▶ _YOUR TASK_
The entries below contain a stretch that opens with the line containing "滴加化学试剂。强碱溶液,如2" and closes with the line containing "The Loose Lapel"; set down that stretch exactly, both ends included, and nothing else.

***** RECORD EXCERPTS *****

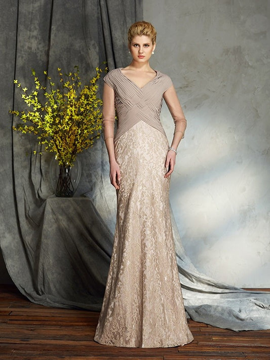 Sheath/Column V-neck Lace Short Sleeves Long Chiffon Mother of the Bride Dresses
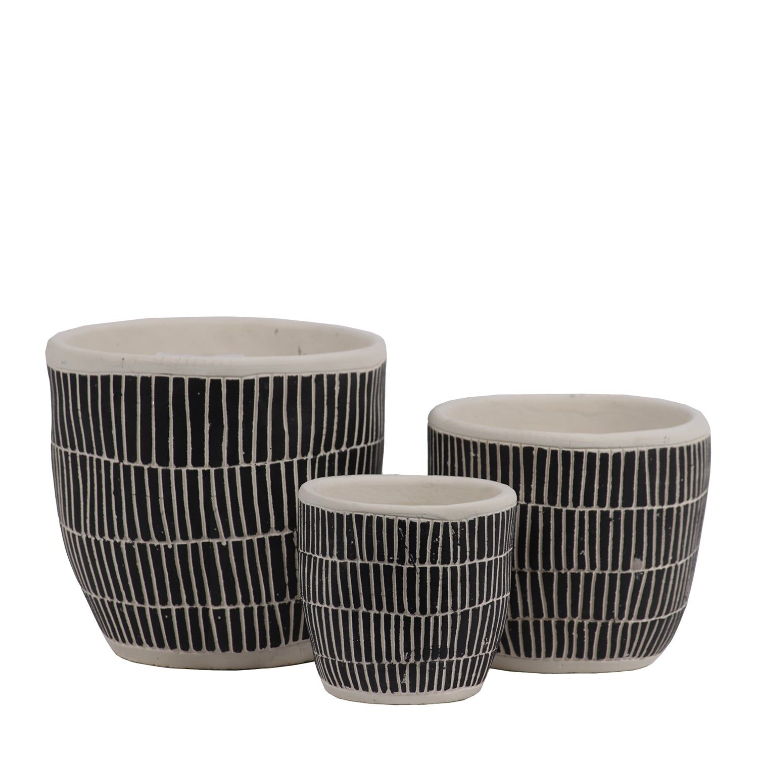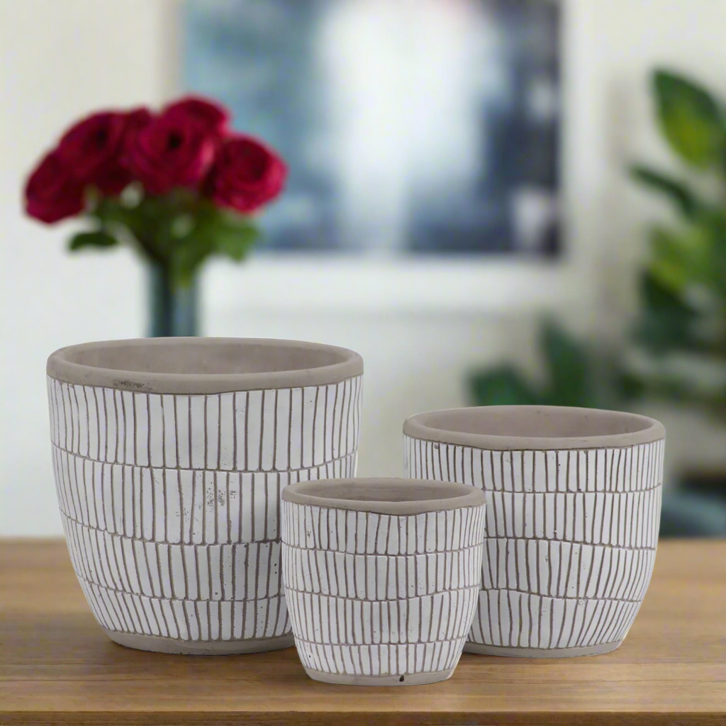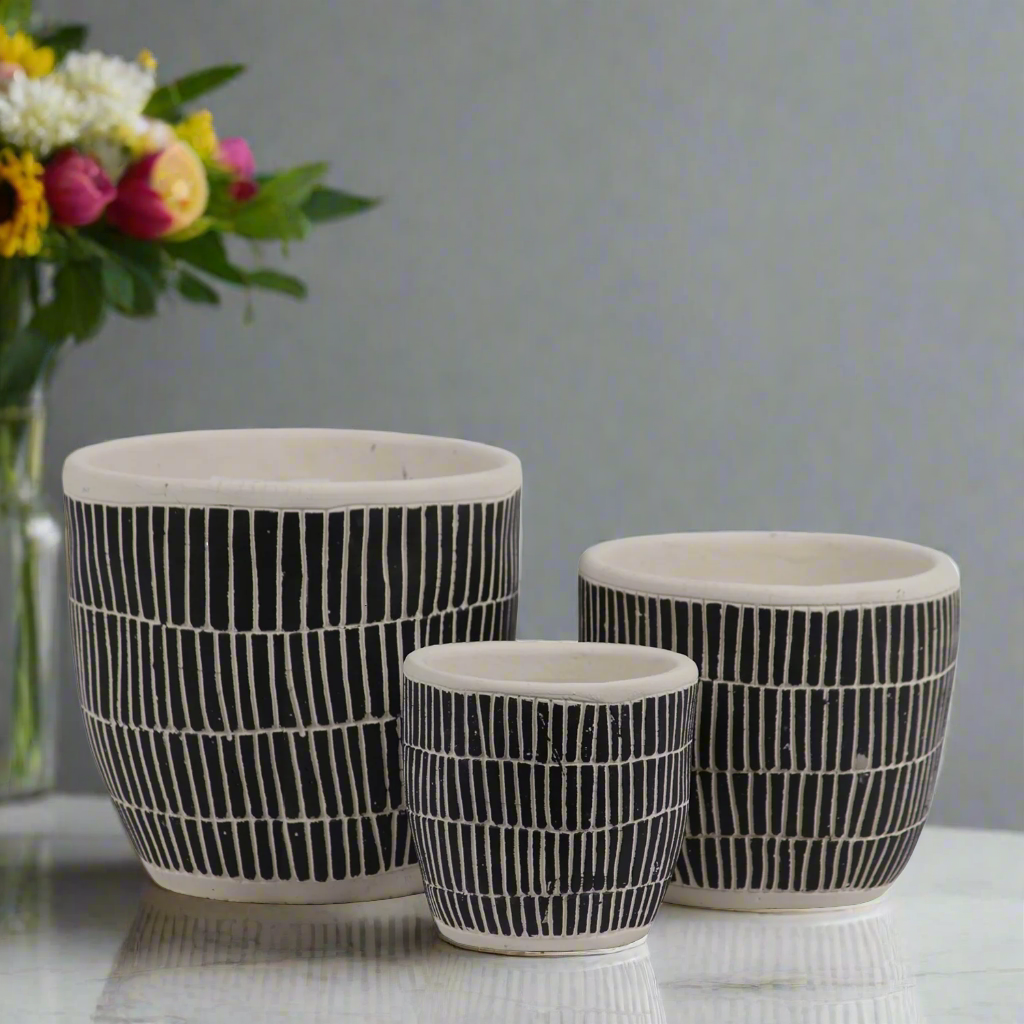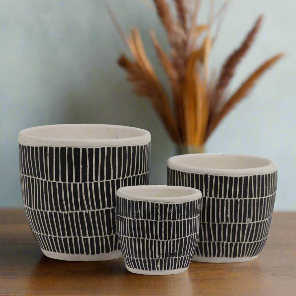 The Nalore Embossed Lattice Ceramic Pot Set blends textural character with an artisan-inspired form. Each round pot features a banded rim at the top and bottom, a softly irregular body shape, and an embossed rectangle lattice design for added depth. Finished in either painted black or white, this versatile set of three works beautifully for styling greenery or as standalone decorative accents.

*****
***** RECORD EXCERPTS *****

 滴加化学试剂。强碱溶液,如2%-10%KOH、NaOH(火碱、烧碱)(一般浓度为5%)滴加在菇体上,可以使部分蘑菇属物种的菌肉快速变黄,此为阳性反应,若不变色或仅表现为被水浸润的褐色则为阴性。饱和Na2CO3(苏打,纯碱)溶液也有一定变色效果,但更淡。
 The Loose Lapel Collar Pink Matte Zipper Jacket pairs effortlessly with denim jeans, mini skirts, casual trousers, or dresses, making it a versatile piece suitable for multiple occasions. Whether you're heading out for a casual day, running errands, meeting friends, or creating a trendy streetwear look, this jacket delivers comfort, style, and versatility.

*****
***** RECORD EXCERPTS *****

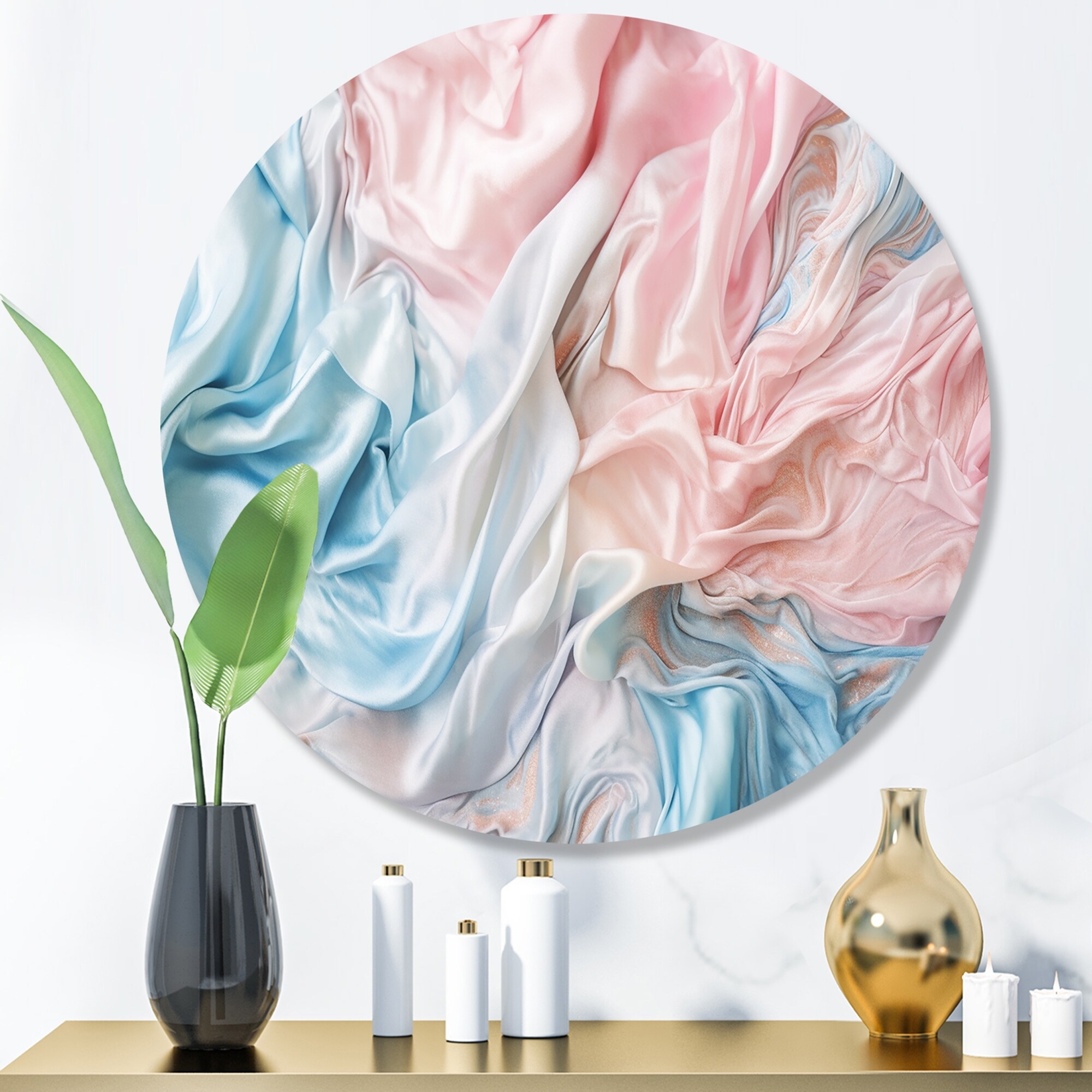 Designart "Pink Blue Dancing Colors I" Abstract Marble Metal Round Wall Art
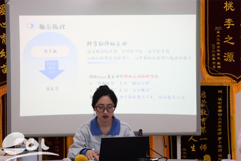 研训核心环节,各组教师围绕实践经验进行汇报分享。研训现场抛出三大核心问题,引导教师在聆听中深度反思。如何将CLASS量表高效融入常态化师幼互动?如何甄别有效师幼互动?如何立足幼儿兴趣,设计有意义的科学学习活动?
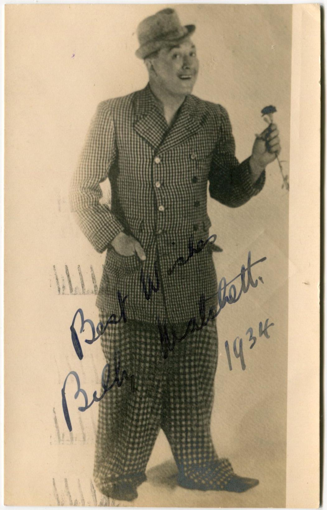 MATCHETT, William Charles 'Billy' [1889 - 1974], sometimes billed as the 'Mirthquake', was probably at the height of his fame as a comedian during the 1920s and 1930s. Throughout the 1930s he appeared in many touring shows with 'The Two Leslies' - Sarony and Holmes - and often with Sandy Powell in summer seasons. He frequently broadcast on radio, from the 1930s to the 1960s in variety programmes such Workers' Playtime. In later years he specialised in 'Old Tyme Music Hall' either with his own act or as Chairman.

*****

▶ _EXERCISE SOLUTION_
 滴加化学试剂。强碱溶液,如2%-10%KOH、NaOH(火碱、烧碱)(一般浓度为5%)滴加在菇体上,可以使部分蘑菇属物种的菌肉快速变黄,此为阳性反应,若不变色或仅表现为被水浸润的褐色则为阴性。饱和Na2CO3(苏打,纯碱)溶液也有一定变色效果,但更淡。
 The Loose Lapel Collar Pink Matte Zipper Jacket pairs effortlessly with denim jeans, mini skirts, casual trousers, or dresses, making it a versatile piece suitable for multiple occasions. Whether you're heading out for a casual day, running errands, meeting friends, or creating a trendy streetwear look, this jacket delivers comfort, style, and versatility.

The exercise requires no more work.